OpenAI has mitigated a data exfiltration bug in ChatGPT that could potentially leak conversation details to an external URL.
According to the researcher who discovered the flaw, the mitigation isn’t perfect, so attackers can still exploit it under certain conditions.
Also, the safety checks are yet to be implemented in the iOS mobile app for ChatGPT, so the risk on that platform remains unaddressed.
Security researcher Johann Rehberger discovered a technique to exfiltrate data from ChatGPT and reported it to OpenAI in April 2023. The researcher later shared in November 2023 additional information on creating malicious GPTs that leverage the flaw to phish users.
“This GPT and underlying instructions were promptly reported to OpenAI on November, 13th 2023,” the researcher wrote in this disclosure.
“However, the ticket was closed on November 15th as “Not Applicable”. Two follow up inquiries remained unanswered.

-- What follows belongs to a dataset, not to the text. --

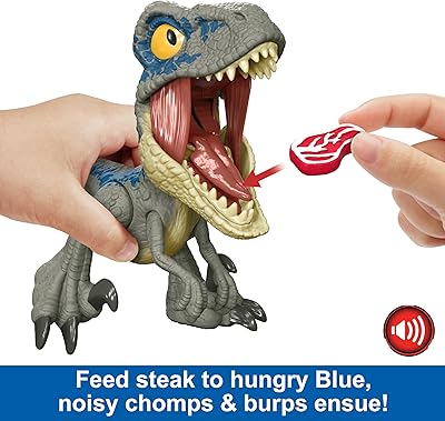 • Roar, chomp, burp! This Mega Roar edition of dinosaur Blue brings Jurassic World raptor sounds to life, with fierce roaring, snack-induced chomping and even loud burps!

Hence it seems best to share this with the public to raise awareness.”
GPTs are custom AI models marketed as “AI apps,” specializing in various roles such as customer support agents, assisting in writing and translation, performing data analysis, crafting cooking recipes based on available ingredients, gathering data for research, and even playing games.
Following the lack of response by the chatbot’s vendor, the researcher decided to publicly disclose his findings on December 12, 2023, where he demonstrated a custom tic-tac-toe GPT named ‘The Thief!,’ which can exfiltrate conversation data to an external URL operated by the researcher.
The data theft involves image markdown rendering and prompt injection, so the attack requires the victim to submit a malicious prompt that the attacker directly supplied or posted somewhere for victims to discover and use.
Alternatively, a malicious GPT can be used, like Rehberger demonstrated, and users who use that GPT wouldn’t realize their conversation details along with metadata (timestamps, user ID, session ID) and technical data (IP address, user agent strings) are exfiltrated to third-parties.
After Rehberger publicized the flaw details on his blog, OpenAI responded to the situation and implemented client-side checks performed via a call to a validation API to prevent images from unsafe URLs from rendering.
“When the server returns an image tag with a hyperlink, there is now a ChatGPT client-side call to a validation API before deciding to display an image,” explains Rehberger in a new post that revisits the issue to discuss the fix.
“Since ChatGPT is not open source and the fix is not via a Content-Security-Policy (that is visible and inspectable by users and researchers) the exact validation details are not known.”
The researcher notes that in some cases, ChatGPT still renders requests to arbitrary domains, so the attack could still work sometimes, with discrepancies observed even when testing the same domain.
Since specific details on the check that determines if a URL is safe are unknown, there’s no way to know the exact cause of these discrepancies.
However, it’s noted that exploiting the flaw is now more noisy, has data transfer rate limitations, and works a lot slower.
It is also mentioned that the client-side validation call has yet to be implemented on the iOS mobile app, so the attack remains 100% unmitigated there.
It is also unclear whether the fix was rolled out to the ChatGPT Android app, which counts over 10 million downloads on Google Play.